As millions of boomers cross the threshold into midlife, the discussion about longer lives in America has been entirely about the staggering economic costs of a dramatically aging society.
But in his latest book – The Big Shift: Navigating the New Stage Beyond Midlife – Encore.org founder and CEO Marc Freedman issues an impassioned call to accept the decades opening up between midlife and anything approximating old age for what they really are: a new stage of life, an encore phase.
The New York Times calls The Big Shift “an imaginative work with the potential to affect our individual lives and our collective future.” The Wall Street Journal says it’s “invaluable and inspiring reading.” And USA Today hails Freedman as “a natural storyteller, a deep researcher and a forward thinker.”
Q & A With Marc Freedman
Q: What motivated you to write The Big Shift? Turning 50?
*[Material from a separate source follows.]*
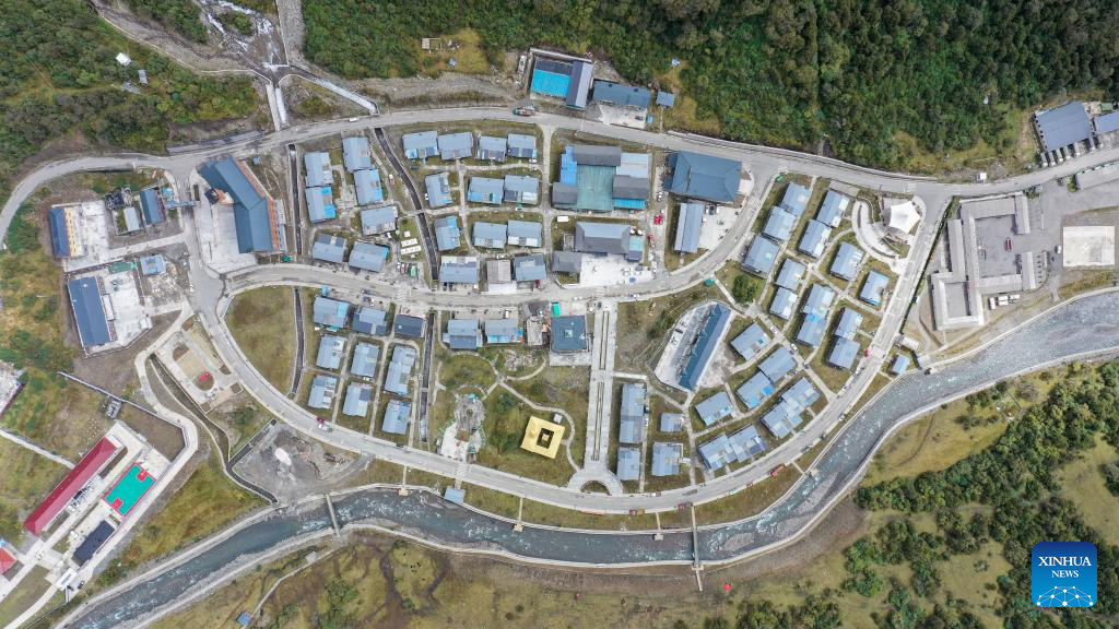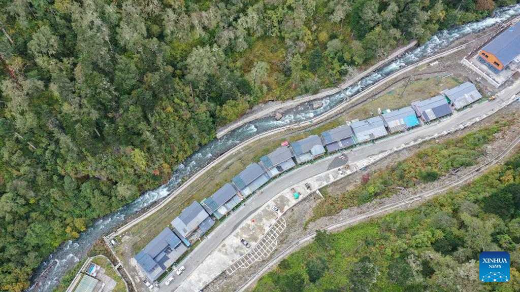 An aerial drone photo taken on Oct. 14, 2024 shows a view of Yumai Township in Shannan City, southwest China's Xizang Autonomous Region. (Xinhua/Ding Ting)

A: In a sense, it was turning 50. After 25 years of working, I was exhausted. My wife and two sons, then 1 and 3 years old, made plans for a two-week road trip. When I made the reservations, I asked the hotel clerk for an AARP discount … and two cribs. That odd combination of discounts and requests – signs of what once indicated distinct parts of the life cycle separated by decades – made one thing abundantly clear and personal: The old map of life, which guided us for generations, was rapidly becoming an anachronism.
Q: What’s wrong with the old map of life?
A: We’ve been remarkably adept at extending lives, but our imagination and innovation in remaking the shape of those longer lives have been struggling to keep pace. Individuals left in that lurch, in this unstable space that has no name, face a contradictory culture, incoherent policies, and a society that seems in denial that this period even exists. We need to create a new stage between the end of the middle years and the beginning of retirement and old age, an “encore” stage of life characterized by purpose, contribution and commitment, particularly to the well-being of future generations.